BEGIN

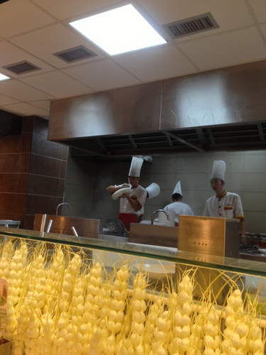 左等右等,無聊之餘拿書出來看,這裏大家都在努力看Menu,就我一個人在努力看書。接下來,較晚到的鄰座麵都來了,我的居然連個影子都沒有。有一位看起來像主管的員工幫我去查,很快端來了一碗排骨麵,我就感激涕零地吃了起來。吃完排骨,才發現是手桿麵條而不是我點的刀削麵,好惱,一定是剛剛催麵端錯了,想想已經吃了一半了,也就算了。才四塊錢人民幣的紅豆湯一大碗,吃起來很飽足,反而成為今天唯一的亮點。隔壁桌的客戶,他們的玉米汁,員工幫忙加熱後再拿來,倒出來喝還是涼的,私底下駡聲連連,可是我看他們也忍氣吞聲地喝完了。
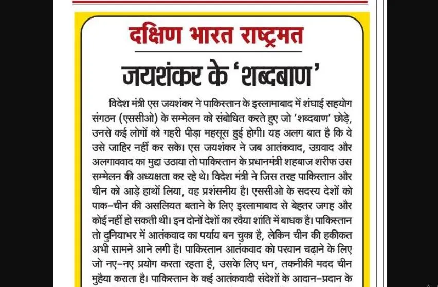 विदेश मंत्री एस जयशंकर ने पाकिस्तान के इस्लामाबाद में शंघाई सहयोग संगठन (एससीओ) के सम्मेलन को संबोधित करते हुए जो 'शब्दबाण' छोड़े, उनसे कई लोगों को गहरी पीड़ा महसूस हुई होगी। यह अलग बात है कि वे उसे जाहिर नहीं कर सके। एस जयशंकर ने जब आतंकवाद, उग्रवाद और अलगाववाद का मुद्दा उठाया तो पाकिस्तान के प्रधानमंत्री शहबाज शरीफ उस सम्मेलन की अध्यक्षता कर रहे थे। विदेश मंत्री ने जिस तरह पाकिस्तान और चीन को आड़े हाथों लिया, वह प्रशंसनीय है।
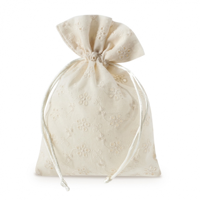 Υφασμάτινο πουγκί.Κλασσικό σχέδιο με ….”βελονάκι”…! Embroidery σε ivory χρώμα.
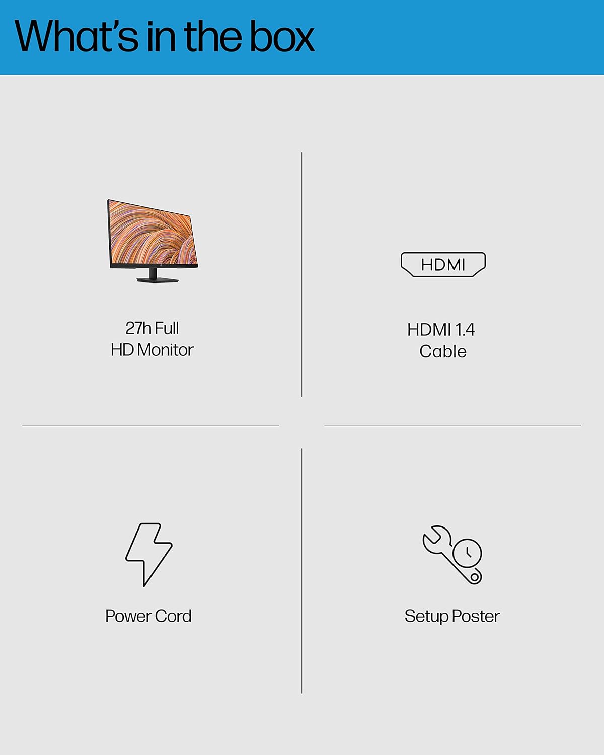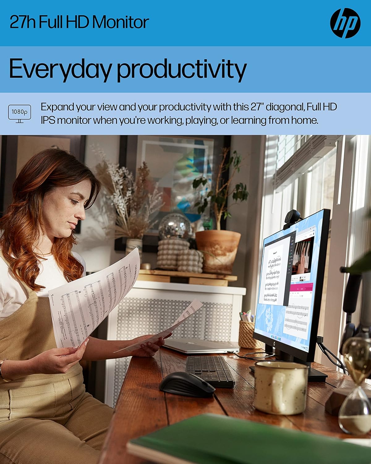 The HP 27h Full HD Monitor is designed to bring your projects and content to life with its vibrant display and boosted audio. Featuring a smooth screen, 3-sided micro-edge bezel, and adjustable height/tilt, this monitor is perfect for hybrid workers seeking comfort and clarity. **Specifications:** * **Screen Size:** 27 Inches * **Resolution:** 1920x1080 (Full HD) * **Panel Type:** IPS * **Refresh Rate:** 75Hz * **Bezel:** 3-Sided Micro-Edge * **Adjustability:** 100mm Height/Tilt Adjust * **Speakers:** Built-in Dual Speakers * **Ports:** HDMI, DisplayPort, VGA * **Color:** Black * **Design:** Sustainable (85% Recycled Plastics, 100% Recyclable Packaging)We partner with Amazon and other retailers to provide accurate product information and convenient access to purchase options. As an Amazon Associate we earn from qualifying purchases.
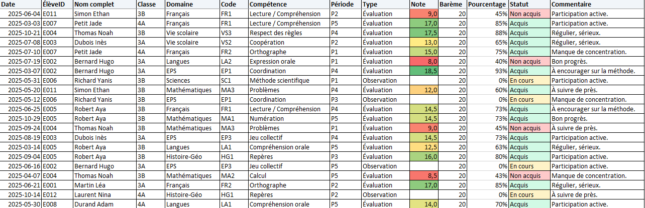 Le Suivi (journal) devient votre carnet de bord. On choisit l’élève, le domaine et la compétence dans de simples listes, on précise la période et le type d’événement, et le pourcentage se calcule tout seul. Les notes et les statuts se colorent automatiquement : d’un coup d’œil, vous voyez ce qui avance, ce qui patine, ce qui demande un retour.
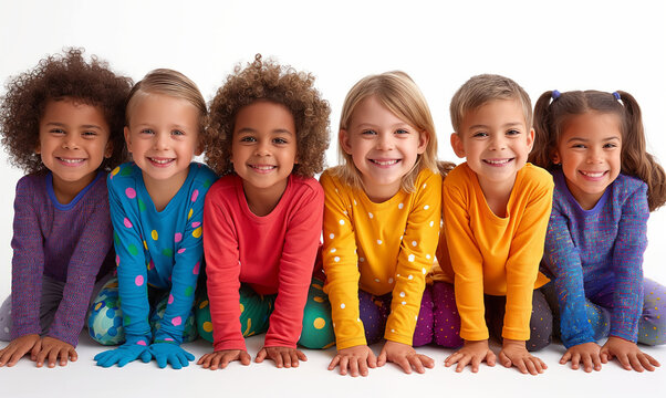 Happy diverse junior school students children group looking at camera standing in classroom. Smiling multiethnic cool kids boys and girls friends posing for group portrait together, Generative AI
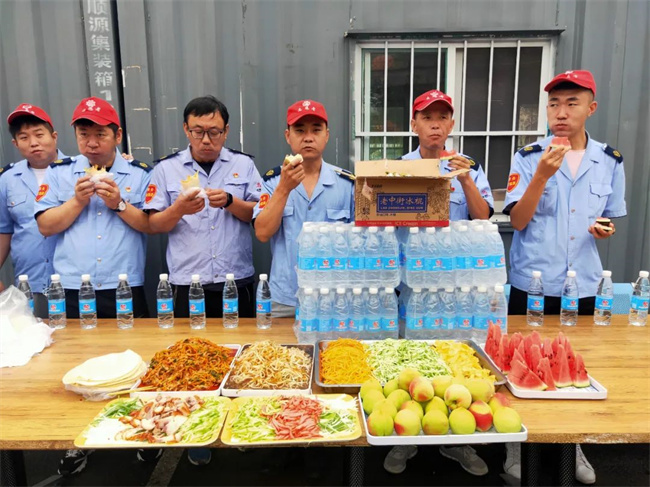 為了保障駕駛員在高溫天氣下,以飽滿的工作狀態(tài)更好的為廣大乘客服好務(wù),車隊(duì)密切關(guān)注駕駛員的精神狀態(tài)和身體健康情況,做好駕駛員生理心理健康監(jiān)測工作,加強(qiáng)對駕駛員心理健康的培訓(xùn)和疏導(dǎo)工作。同時,為了調(diào)動廣大駕駛員工作積極性,以更加飽滿的精神狀態(tài)為乘客提供文明規(guī)范的服務(wù),車隊(duì)從關(guān)心職工出發(fā),持續(xù)為職工“送清涼 ”、為職工提供礦泉水,西瓜、雪糕,鮮桃做好防暑降溫工作。值得一提的是,三伏第一天,211.222車隊(duì)還很應(yīng)景的為職工提供了“烙餅攤雞蛋”和豬頭肉、香腸、魚香肉絲、豆芽炒粉,卷菜等菜品,提高餐品質(zhì)量提升職工用餐滿意度。
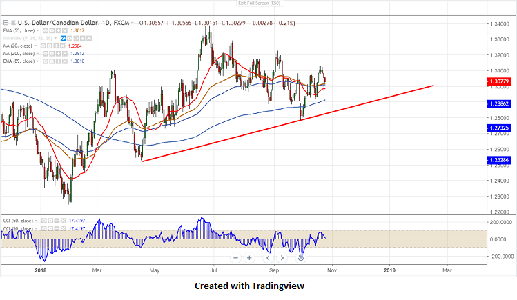 USDCAD has slipped more than 100 pips yesterday after hawkish rate hike by Bank of Canada. BOC governor hiked interest rates by 25 basis point to 1.75% yesterday. The central bank was optimistic on the economy after new trade agreement between US ,Mexico and Canada and stated that further rate hike to come. The pair hits low of 1.2965 and is currently trading around 1.30279.
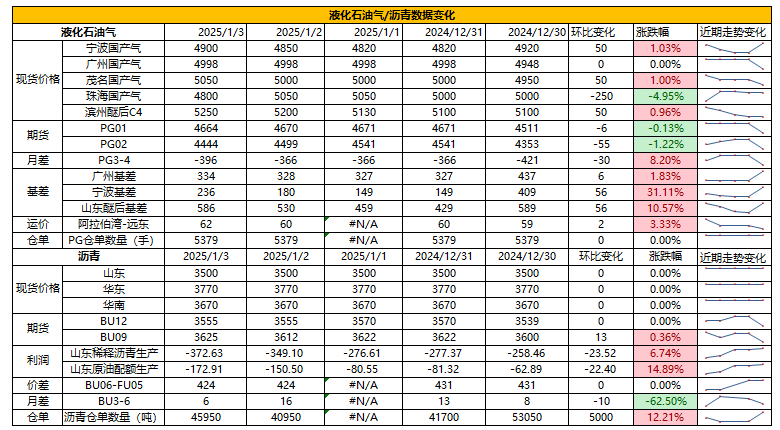 3. 山东民用气4950元/吨,华东民用气4936元/吨,华南民用气5000元/吨。
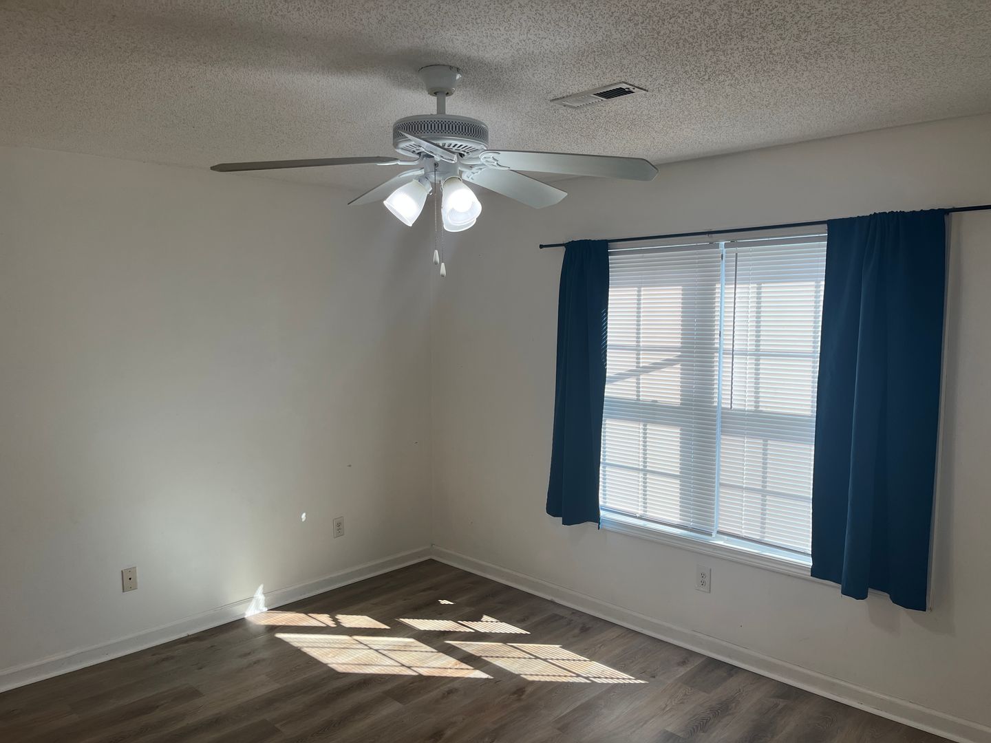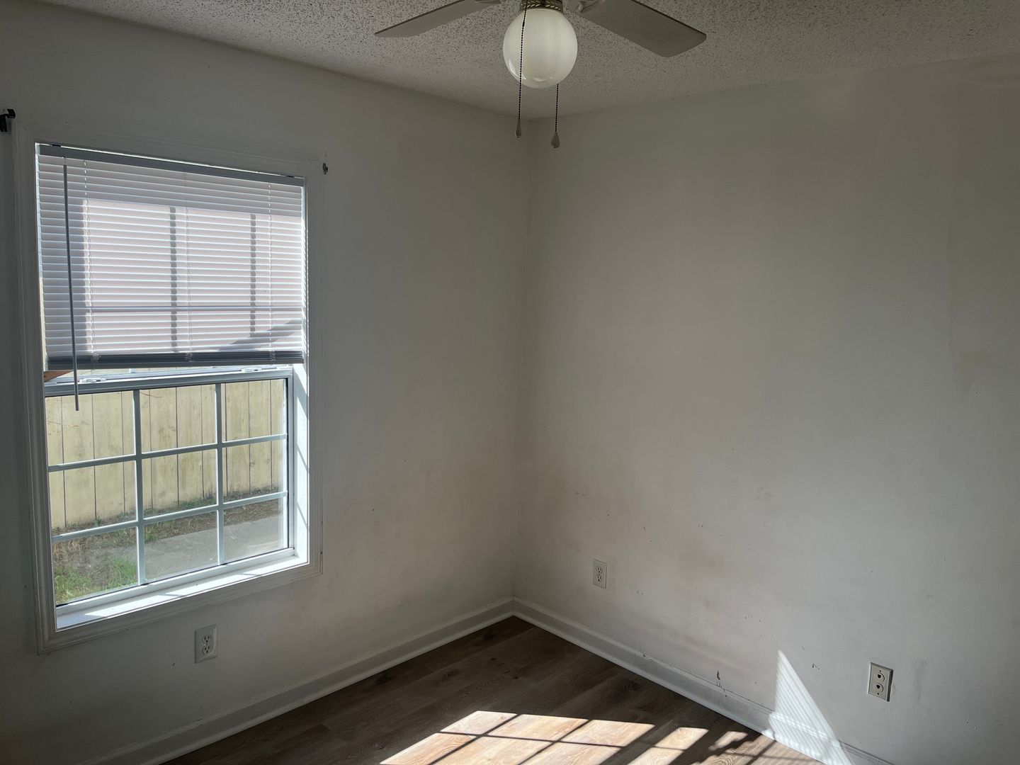 This unfurnished three-bedroom, two-bathroom duplex is located on Barberry Drive in the College Park subdivision. The kitchen features white cabinets, appliances, and countertops, as well as natural light from the window over the double sink for a clean, crisp inviting space. It's equipped with all major appliances, including a stove, refrigerator, and dishwasher. The home has washer and dryer hookups. Open floor plan living room and dining area has sliding glass doors that lead out to a partially fenced in back yard with patio which is fantastic for enjoying time with your pet. The bedrooms each have ceiling fans for added comfort. The duplex has its own driveway and sidewalk and a covered front porch where you can sit and enjoy the day.
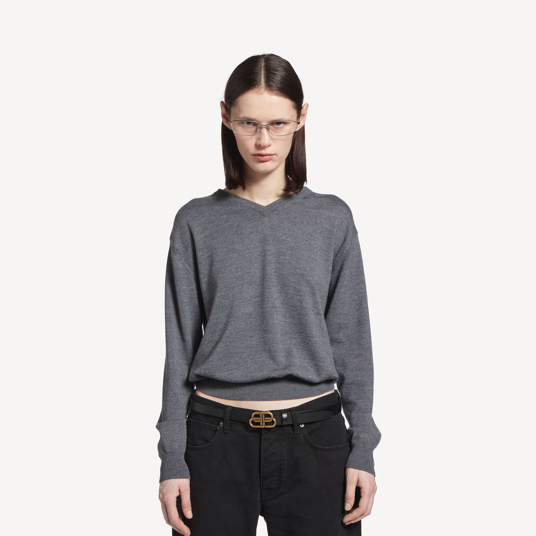 BB黑色牛皮革细腰带,饰以做旧金色金属配件此商品支持花呗分期

END

> [GOAL OF THE EXERCISE]: Copy each entry exactly as written. Images should not appear in the copy.

> [SOLUTION FOR THIS PROBLEM]:
 左等右等,無聊之餘拿書出來看,這裏大家都在努力看Menu,就我一個人在努力看書。接下來,較晚到的鄰座麵都來了,我的居然連個影子都沒有。有一位看起來像主管的員工幫我去查,很快端來了一碗排骨麵,我就感激涕零地吃了起來。吃完排骨,才發現是手桿麵條而不是我點的刀削麵,好惱,一定是剛剛催麵端錯了,想想已經吃了一半了,也就算了。才四塊錢人民幣的紅豆湯一大碗,吃起來很飽足,反而成為今天唯一的亮點。隔壁桌的客戶,他們的玉米汁,員工幫忙加熱後再拿來,倒出來喝還是涼的,私底下駡聲連連,可是我看他們也忍氣吞聲地喝完了。
 विदेश मंत्री एस जयशंकर ने पाकिस्तान के इस्लामाबाद में शंघाई सहयोग संगठन (एससीओ) के सम्मेलन को संबोधित करते हुए जो 'शब्दबाण' छोड़े, उनसे कई लोगों को गहरी पीड़ा महसूस हुई होगी। यह अलग बात है कि वे उसे जाहिर नहीं कर सके। एस जयशंकर ने जब आतंकवाद, उग्रवाद और अलगाववाद का मुद्दा उठाया तो पाकिस्तान के प्रधानमंत्री शहबाज शरीफ उस सम्मेलन की अध्यक्षता कर रहे थे। विदेश मंत्री ने जिस तरह पाकिस्तान और चीन को आड़े हाथों लिया, वह प्रशंसनीय है।
 Υφασμάτινο πουγκί.Κλασσικό σχέδιο με ….”βελονάκι”…! Embroidery σε ivory χρώμα.
 The HP 27h Full HD Monitor is designed to bring your projects and content to life with its vibrant display and boosted audio. Featuring a smooth screen, 3-sided micro-edge bezel, and adjustable height/tilt, this monitor is perfect for hybrid workers seeking comfort and clarity. **Specifications:** * **Screen Size:** 27 Inches * **Resolution:** 1920x1080 (Full HD) * **Panel Type:** IPS * **Refresh Rate:** 75Hz * **Bezel:** 3-Sided Micro-Edge * **Adjustability:** 100mm Height/Tilt Adjust * **Speakers:** Built-in Dual Speakers * **Ports:** HDMI, DisplayPort, VGA * **Color:** Black * **Design:** Sustainable (85% Recycled Plastics, 100% Recyclable Packaging)We partner with Amazon and other retailers to provide accurate product information and convenient access to purchase options. As an Amazon Associate we earn from qualifying purchases.
 Le Suivi (journal) devient votre carnet de bord. On choisit l’élève, le domaine et la compétence dans de simples listes, on précise la période et le type d’événement, et le pourcentage se calcule tout seul. Les notes et les statuts se colorent automatiquement : d’un coup d’œil, vous voyez ce qui avance, ce qui patine, ce qui demande un retour.
 Happy diverse junior school students children group looking at camera standing in classroom. Smiling multiethnic cool kids boys and girls friends posing for group portrait together, Generative AI
 為了保障駕駛員在高溫天氣下,以飽滿的工作狀態(tài)更好的為廣大乘客服好務(wù),車隊(duì)密切關(guān)注駕駛員的精神狀態(tài)和身體健康情況,做好駕駛員生理心理健康監(jiān)測工作,加強(qiáng)對駕駛員心理健康的培訓(xùn)和疏導(dǎo)工作。同時,為了調(diào)動廣大駕駛員工作積極性,以更加飽滿的精神狀態(tài)為乘客提供文明規(guī)范的服務(wù),車隊(duì)從關(guān)心職工出發(fā),持續(xù)為職工“送清涼 ”、為職工提供礦泉水,西瓜、雪糕,鮮桃做好防暑降溫工作。值得一提的是,三伏第一天,211.222車隊(duì)還很應(yīng)景的為職工提供了“烙餅攤雞蛋”和豬頭肉、香腸、魚香肉絲、豆芽炒粉,卷菜等菜品,提高餐品質(zhì)量提升職工用餐滿意度。
 USDCAD has slipped more than 100 pips yesterday after hawkish rate hike by Bank of Canada. BOC governor hiked interest rates by 25 basis point to 1.75% yesterday. The central bank was optimistic on the economy after new trade agreement between US ,Mexico and Canada and stated that further rate hike to come. The pair hits low of 1.2965 and is currently trading around 1.30279.
 3. 山东民用气4950元/吨,华东民用气4936元/吨,华南民用气5000元/吨。
 This unfurnished three-bedroom, two-bathroom duplex is located on Barberry Drive in the College Park subdivision. The kitchen features white cabinets, appliances, and countertops, as well as natural light from the window over the double sink for a clean, crisp inviting space. It's equipped with all major appliances, including a stove, refrigerator, and dishwasher. The home has washer and dryer hookups. Open floor plan living room and dining area has sliding glass doors that lead out to a partially fenced in back yard with patio which is fantastic for enjoying time with your pet. The bedrooms each have ceiling fans for added comfort. The duplex has its own driveway and sidewalk and a covered front porch where you can sit and enjoy the day.
 BB黑色牛皮革细腰带,饰以做旧金色金属配件此商品支持花呗分期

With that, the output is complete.